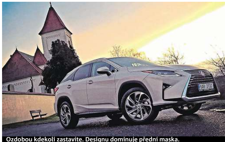
Ozdobou kdekoli zastavíte. Designu dominuje přední maska.
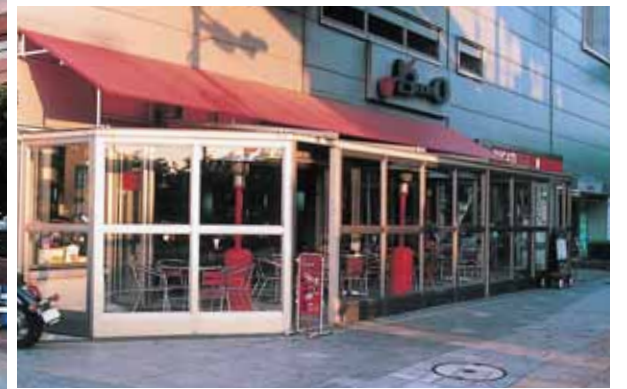
(東京都港区お台場 Bカフェテラス)
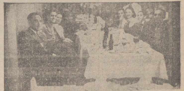
Una de las comidas de Hermandad celebradas ayer por los empresarios con sus obreros
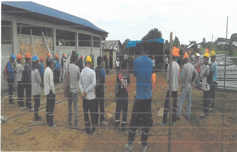
Foto N° 02: Vista de la Charla de Seguridad en el Trabajo de la obra “Mejoramiento y Equipamiento del servicio Educativo N 62200 Barrio Carabanchel - San Lorenzo, Distrito Barranca, Provincia Datem Del Marañón - Loreto”
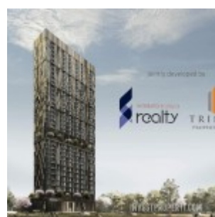
Yukata Suites – Trinitti dan Waskita
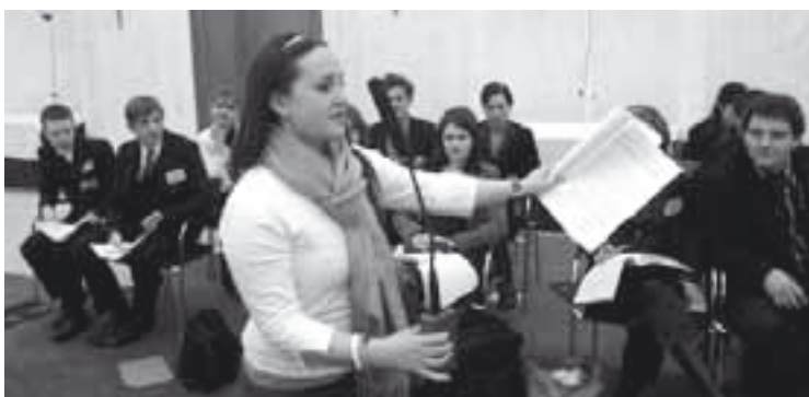
Vragen van de Ierse delegatie tijdens de Algemene Vergadering

Tijdens de internationale conferentie van het MEP heb ik een heleboel nieuwe mensen leren kennen. Ze hebben me dingen geleerd (ik ken nu een Ierse mythe!), ze hebben me verrast met hun cultuur en gewoonten (hoezo, je eet nooit chocoladevla?) en hebben me soms verstedeld doen staan van hun opvattingen en meningen. Maar boven alles, en daar ben ik ze heel dankbaar voor, hebben ze ervoor gezorgd dat ik een fantastische MEP-week heb kunnen meemaken!

****************

**AIM OF THE TASK:**
Take the listing above and restate it word for word, without its pictures.

**REPLY:**
Ozdobou kdekoli zastavíte. Designu dominuje přední maska.
(東京都港区お台場 Bカフェテラス)
Una de las comidas de Hermandad celebradas ayer por los empresarios con sus obreros
Foto N° 02: Vista de la Charla de Seguridad en el Trabajo de la obra “Mejoramiento y Equipamiento del servicio Educativo N 62200 Barrio Carabanchel - San Lorenzo, Distrito Barranca, Provincia Datem Del Marañón - Loreto”
Yukata Suites – Trinitti dan Waskita
Vragen van de Ierse delegatie tijdens de Algemene Vergadering

Tijdens de internationale conferentie van het MEP heb ik een heleboel nieuwe mensen leren kennen. Ze hebben me dingen geleerd (ik ken nu een Ierse mythe!), ze hebben me verrast met hun cultuur en gewoonten (hoezo, je eet nooit chocoladevla?) en hebben me soms verstedeld doen staan van hun opvattingen en meningen. Maar boven alles, en daar ben ik ze heel dankbaar voor, hebben ze ervoor gezorgd dat ik een fantastische MEP-week heb kunnen meemaken!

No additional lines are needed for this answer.